— Я хотела сказать, чуть ли не пенсионер. Да каким словом ни назови, все равно тебе будет больно. Ты воображаешь, что окажешь Сэму услугу и вы опять сойдетесь?
— Оригинальная теория, — говорит Адриан и встает с шезлонга. — Должен признаться, что эта затея вызывает у меня холодок нетерпения — ничего подобного я уже давным-давно не испытывал. Сочинением романов я ведь не слишком упивался.
— Кому-кому, а мне можешь об этом не рассказывать, — говорит Элинор.
Адриан глядит на часы.
— Пойду-ка на свою пробежку, а то не успею попариться перед ленчем.
— Ты еще пожалеешь!
— Не пожалею. Даю слово.
Он целует ее в щеку и уходит. Элинор некоторое время с тревогой смотрит ему вслед, потом садится за стол, разворачивает "Сентинел ревью" и принимается читать с того места, на котором ее прервал Сэм.
2
В следующий понедельник часов в одиннадцать утра Адриан ожидает появления Фанни Таррант. Он дома один. Фотограф из "Сентинел" уже побывал тут, все перевернул, нащелкал бесчисленное количество кадров и отбыл, предоставив Адриану самому возвращать мебель на место. Пока все идет по плану, составленному на прошлой неделе. Адриан сообщил своему литагенту Джеффри, что Фанни Таррант интересовалась, не даст ли он интервью, тот позвонил ей и договорился о встрече. Заведующий отделом культуры в "Санди кроникл", Питер Ривз, с которым Сэм провел соответствующую работу, позвонил Адриану и сказал, что газета очень хочет получить памфлет "Интервьюер-пасквилянт". От Сэма прибыл факс с его лос-анджелесским адресом и контактным телефоном, заодно он интересовался, как идет дело, но Адриан не ответил. И объяснил Элинор, что хочет сначала посмотреть, как пройдет интервью с Таррант, прежде чем возьмет на себя какие-либо обязательства. Элинор заявила, что слышать обо всем этом не желает, и договорилась со своей племянницей Розмари, что день, на который намечено интервью, проведет у нее в Ист-Гринстеде. И перед назначенным часом так и сделала — уехала молчаливая, полная неодобрения. Не успело стихнуть пыхтенье проржавевшей выхлопной трубы ее удалявшегося "пежо", как послышался ровный шум мотора — подъехало такси Фанни. Адриан вытаскивает из музыкального центра диск с Генделем, который там тихо играл, и настраивает кассетную деку на запись: на одной из книжных полок притаился небольшой переносной микрофон.

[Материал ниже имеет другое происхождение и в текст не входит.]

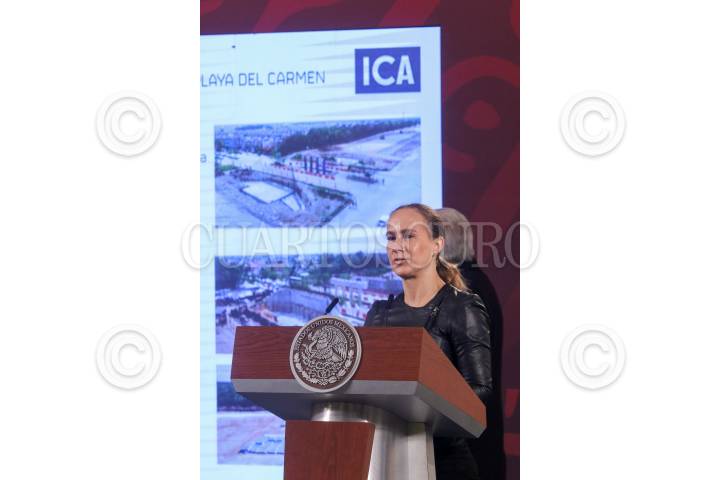 CIUDAD DE MÉXICO, 13FEBRERO2023.- Andrés Manuel López Obrador, Presidente de México; Ricardo Sheffield Padilla, titular de la Procuraduría Federal del Consumidor (Profeco); Marcelo Ebrard Casaubon, secretario de Relaciones Exteriores; Luis Cresencio Sandoval González, secretario de la Defensa Nacional; Javier May Rodríguez, director general del Fondo Nacional de Fomento al Turismo (Fonatur); João Pedro Parreira, presidente y director ejecutivo de Mota-Engil Latinoamérica; Manuel Muñozcano Castro, director general de Azvindi Ferroviario; Guadalupe Phillips Margain, directora general de Empresas ICA; Maite Ramos Gómez, directora de Alstom México; Diego Prieto Hernández, director general del Instituto Nacional de Antropología e Historia (INAH); María Luisa Albores González, secretaria de Medio Ambiente y Recursos Naturales, y María Elena Lezama Espinosa, gobernadora de Quintana Roo, durante la mañanera en la cual se dieron detalles de los avances del Tramo 5 del Tren Maya FOTO: MOISÉS PABLO/CUARTOSCURO.CON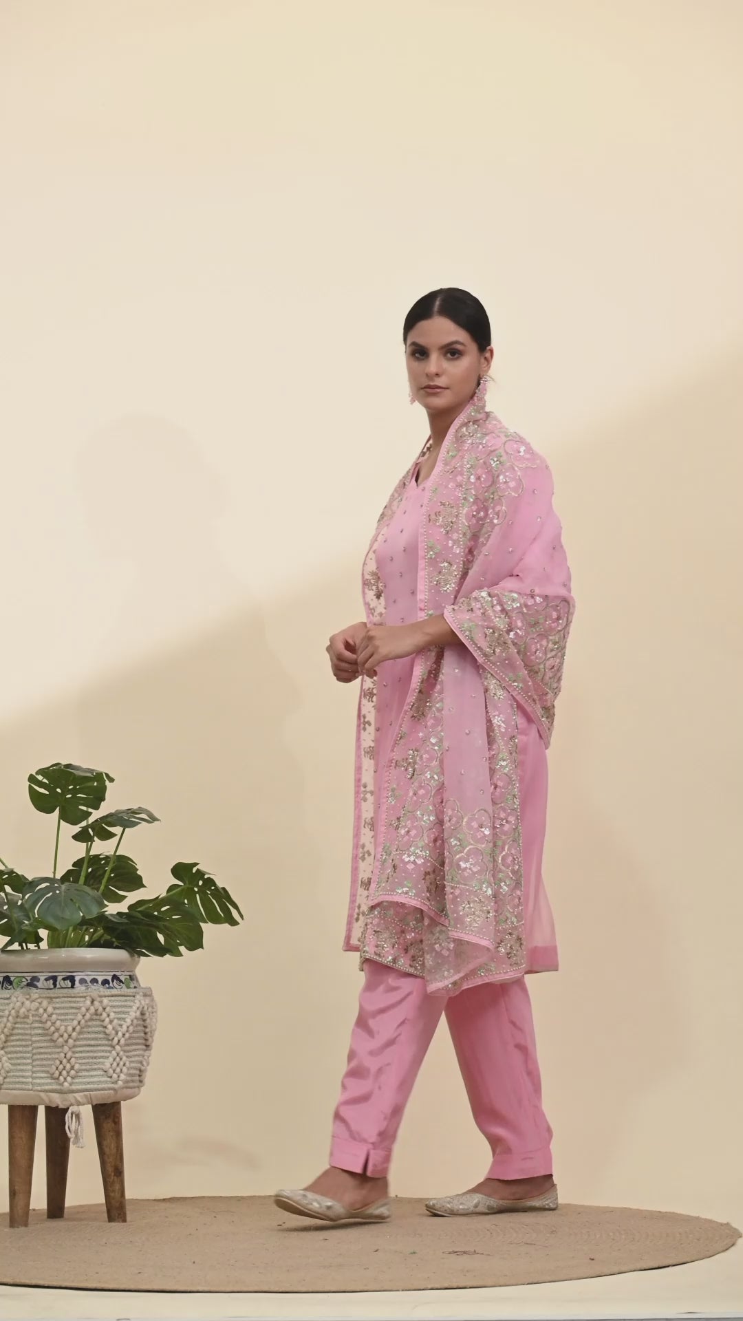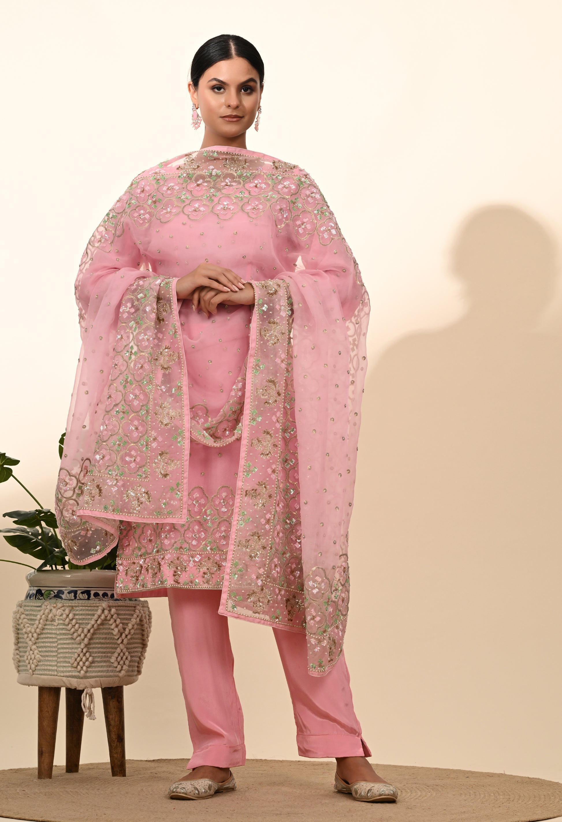 Level up your everyday style with our exquisite Kurta Set, featuring refined embroidery on lush organza fabric. The kurta in a delicate onion pink shade pairs beautifully with a matching organza dupatta and a crepe bottom, all embellished with subtle detailing. Crafted for effortless sophistication, this set is a perfect addition to your collection

Адриан отворяет дверь миловидной молодой женщине лет двадцати восьми или чуть больше, с коротко стриженными — явно у дорогого парикмахера — светлыми волосами, элегантной: в короткой юбке, строгом, сшитом на заказ жакете, с черным дипломатом в руках.
— Мисс Таррант? — спрашивает Адриан.
— Да, — она едва заметно улыбается, словно ее забавляет церемонность приветствия.
— Входите, пожалуйста.
Он ведет ее в обшую комнату.
— Это ваша жена выехала из ворот, как раз когда мое такси сворачивало к дому? — спрашивает она. О ее произношении можно сказать, что так говорят образованные провинциалы.
— Да. Отправилась в Ист-Гринстед проведать племянницу.
— Жаль. Я надеялась с ней познакомиться.
— Именно этого она и хотела избежать.
— Да? А почему?
— Она вас читает, — поясняет Адриан. — Присаживайтесь, пожалуйста. — Фанни выбирает шезлонг. Адриан устраивается в кресле. — Особо ей запомнилась статья про искусствоведа. Ну того, с двойной фамилией.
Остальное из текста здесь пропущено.